Solving a multivariate equation for asymptotic complexity

Question

I have a function $f(m, n)$ with time complexity $T(m, n)$ characterized by the recurrence relation

$$\begin{align} T(m,\ n) &= 2T\bigl(\frac{m}{2}, \frac{n}{2}\bigr) + c_0 \log n + c_1.\\ T(m,\ 1) &= T\bigl(\frac{m}{2}, 1 \bigr) + c_1 \\ T(0,\ n) &= 1 \\ T(m,\ 0) &= 1 \end{align}$$

I can see that for fixed $m$, this is $O(n)$, and for fixed $n$, this is $O(m)$. But I don't see how I can get an expression that characterizes the performance in terms of variable $m$ and $n$.
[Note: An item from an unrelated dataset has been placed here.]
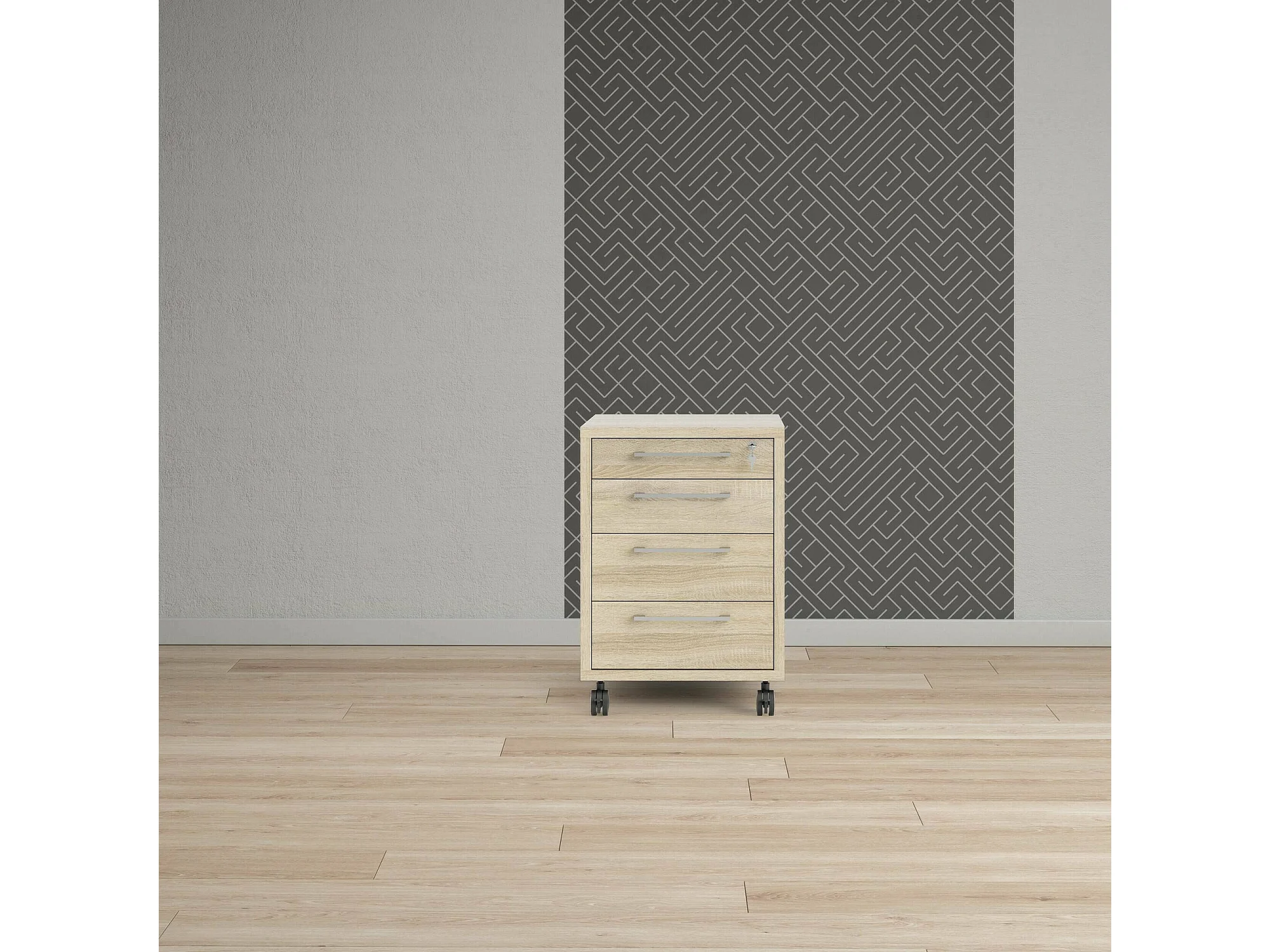 Kommode Dromer, Mehrzweckkommode, Schlafzimmerkommode, Schrank mit Schubladen, 49x48 h68 cm, Eiche
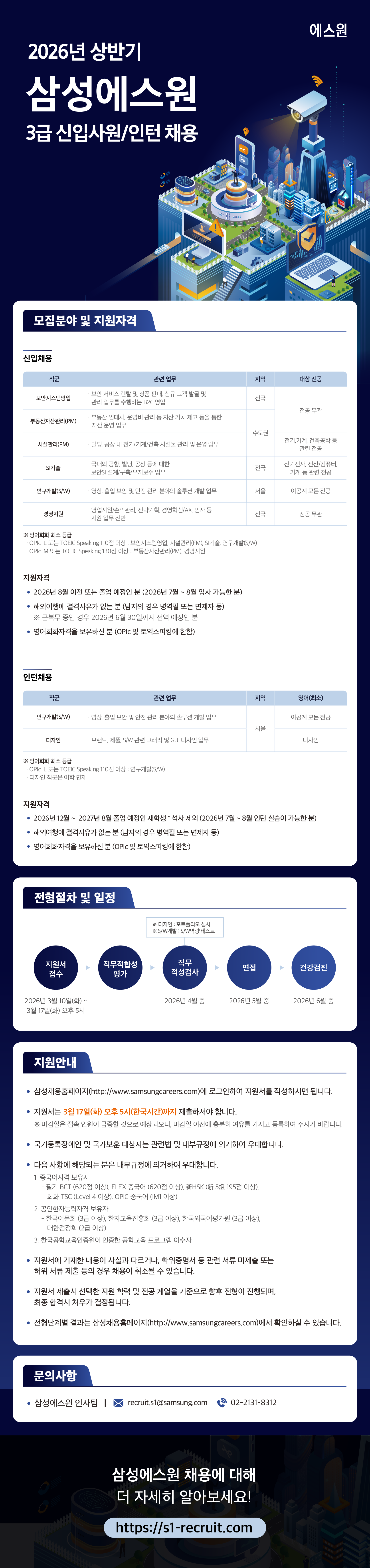 - 신입: 보안시스템영업, 부동산자산관리(PM), 시설관리(FM), SI기술, 연구개발(S/W), 경영지원

How can I solve this to find the asymptotic complexity in terms of $m$ and $n$?

Answer 1

Suppose for simplicity that $m=2^a$, $n = 2^b$, $c_0=1$, $c_1=0$, and the base cases are $T(1,\cdot) = T(\cdot,1) = 0$. Then $$ T(2^a,2^b) = 2T(2^{a-1},2^{b-1}) + b = 4T(2^{a-2},2^{b-2}) + b + 2(b-1) = \cdots $$ The number of summands is $c = \min(a,b)$, and using this notation we obtain \begin{align} T(2^a,2^b) &= b + 2(b-1) + 4(b-2) + \cdots + 2^{c-1}(b-c+1) \\ &= (1+2+\cdots+2^{c-1})b - 2^1 (1) - 2^2 (2) - \cdots - 2^{c-1} (c-1) \\ &= (2^c-1)b - 2^c c + 2(2^c-1) \\ &= 2^c(b+2-c) - (b + 2). \end{align} In other words, $$ T(2^a,2^b) = \begin{cases} 2^{b+1} - (b+2) & \text{if } a \geq b, \\ (b+2)(2^a-1) - a2^a & \text{if } b \geq a. \end{cases} $$ When $m \geq n$, this gives $T(m,n) = \Theta(n)$, and when $n > m$, we get $T(m,n) = \Theta(m\log (n/m)+m)$.